WHAT TO DO ▸ Transcribe only the lines in the data below falling between the line with "För närvarande handlas" and the line with "2024年ゴールデンウィーク、「一人旅」に人気の海外旅行先は「大都市」に集中", including those two lines, and leave out any picture.

EXERCISE MATERIALS ▸

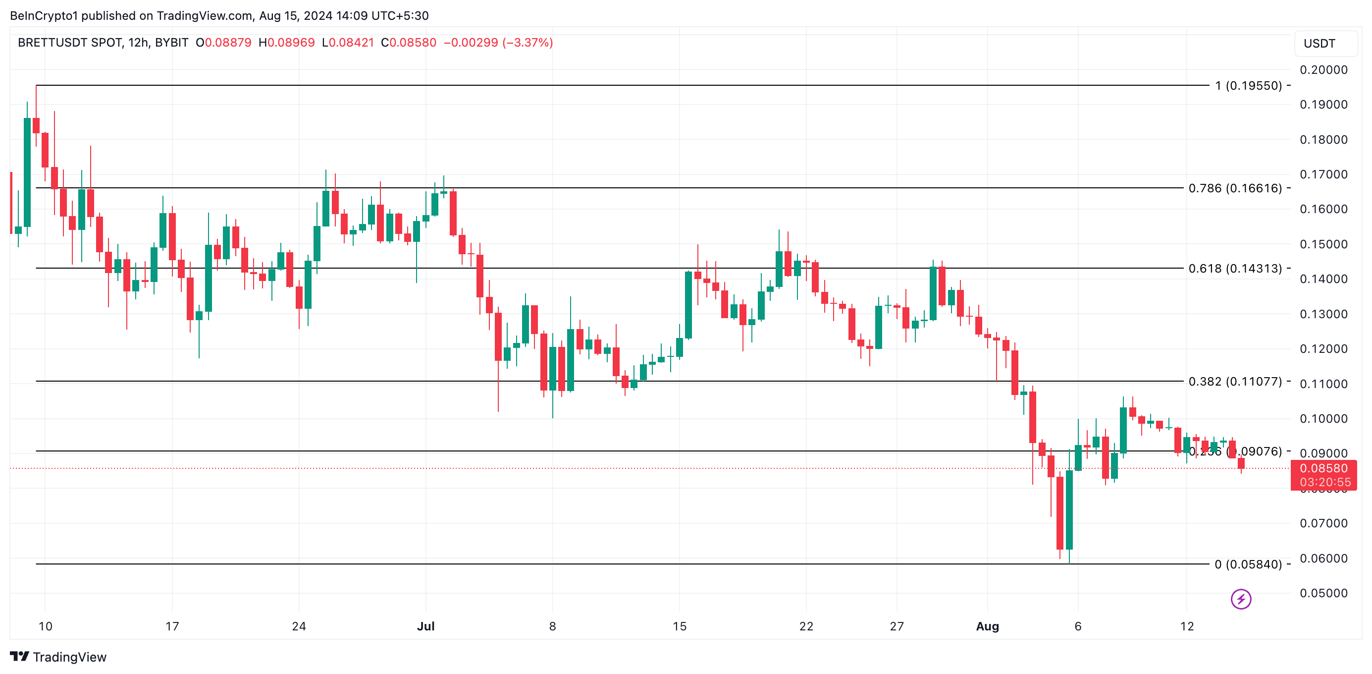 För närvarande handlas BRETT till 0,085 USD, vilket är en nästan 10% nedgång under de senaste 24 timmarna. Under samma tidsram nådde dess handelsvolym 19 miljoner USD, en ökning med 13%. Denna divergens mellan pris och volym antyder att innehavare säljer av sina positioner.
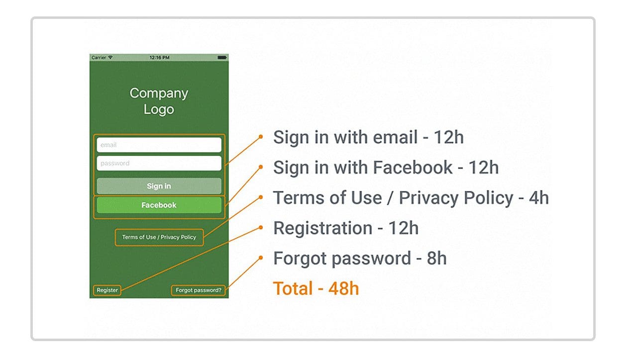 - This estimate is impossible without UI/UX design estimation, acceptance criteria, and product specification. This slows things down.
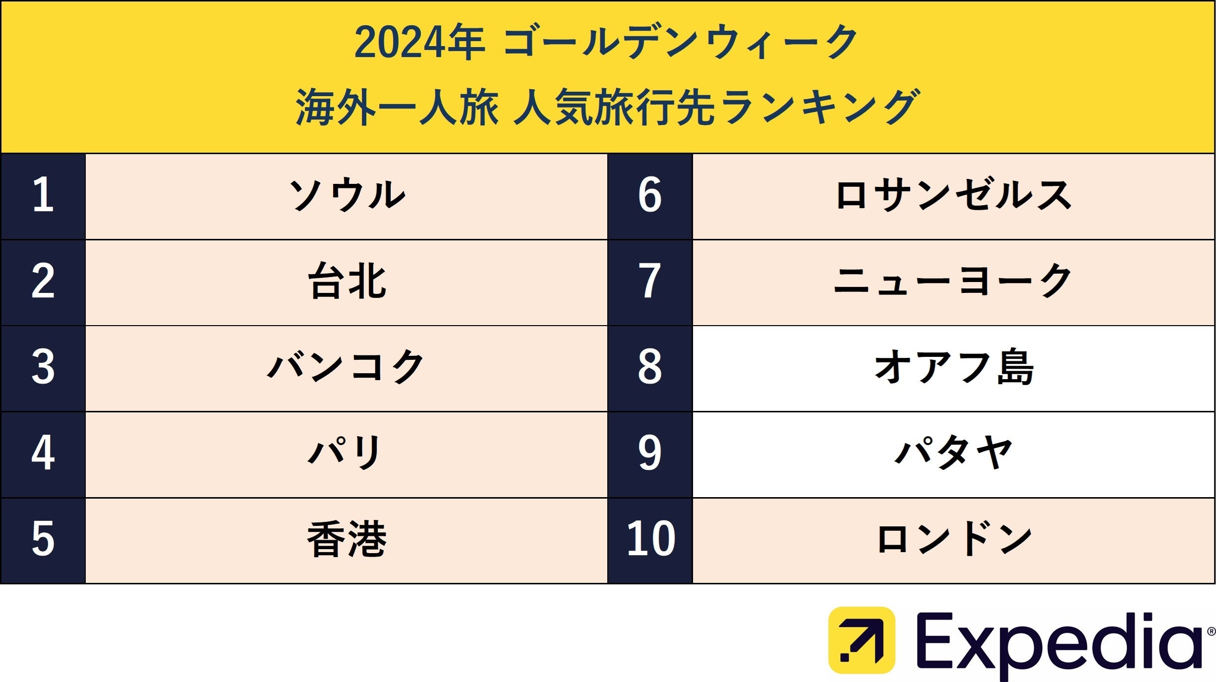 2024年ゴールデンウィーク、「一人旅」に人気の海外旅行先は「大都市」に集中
---
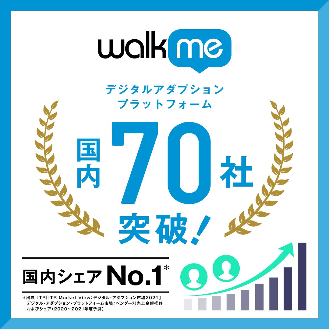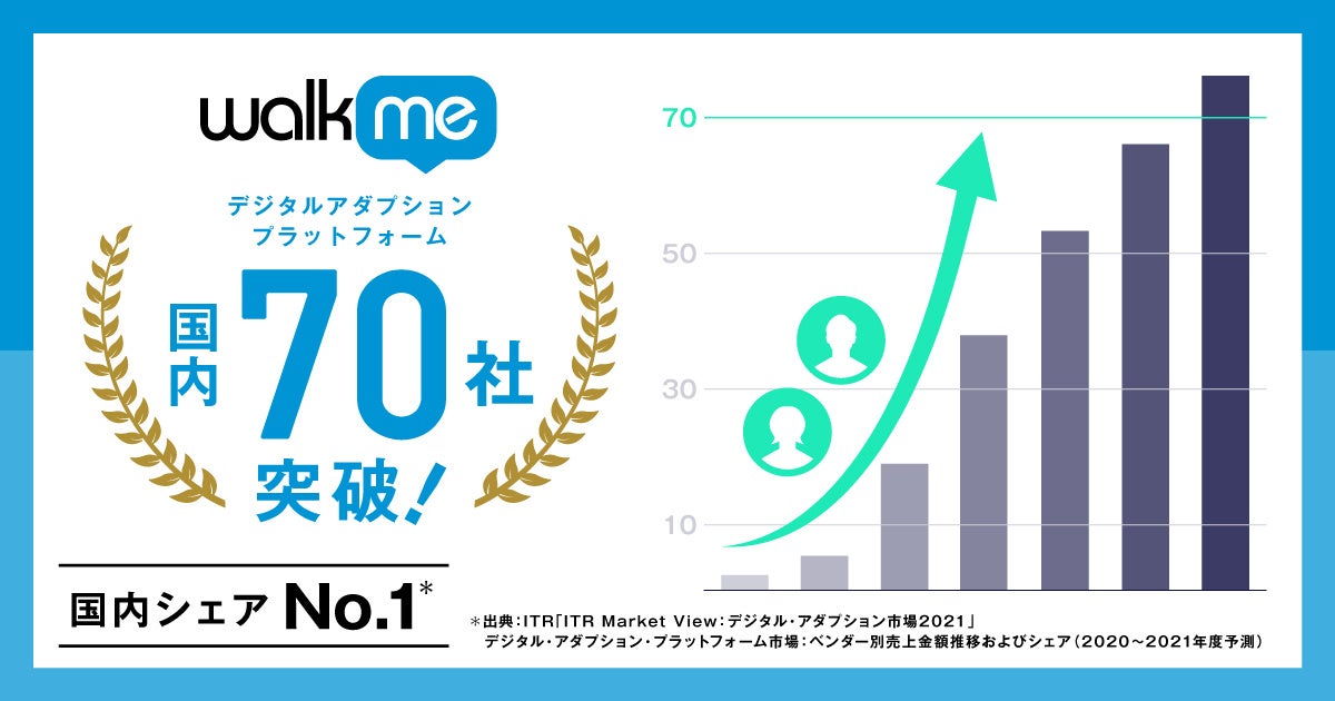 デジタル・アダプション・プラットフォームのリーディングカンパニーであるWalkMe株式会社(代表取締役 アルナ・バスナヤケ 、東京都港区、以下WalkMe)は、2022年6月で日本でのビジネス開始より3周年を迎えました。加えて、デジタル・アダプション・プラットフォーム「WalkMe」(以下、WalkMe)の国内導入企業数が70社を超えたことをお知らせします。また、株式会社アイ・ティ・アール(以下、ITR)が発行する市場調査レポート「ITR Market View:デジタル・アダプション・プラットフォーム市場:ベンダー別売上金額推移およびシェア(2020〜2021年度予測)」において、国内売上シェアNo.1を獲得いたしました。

ANSWER TO THE EXERCISE ▸
 För närvarande handlas BRETT till 0,085 USD, vilket är en nästan 10% nedgång under de senaste 24 timmarna. Under samma tidsram nådde dess handelsvolym 19 miljoner USD, en ökning med 13%. Denna divergens mellan pris och volym antyder att innehavare säljer av sina positioner.
 - This estimate is impossible without UI/UX design estimation, acceptance criteria, and product specification. This slows things down.
 2024年ゴールデンウィーク、「一人旅」に人気の海外旅行先は「大都市」に集中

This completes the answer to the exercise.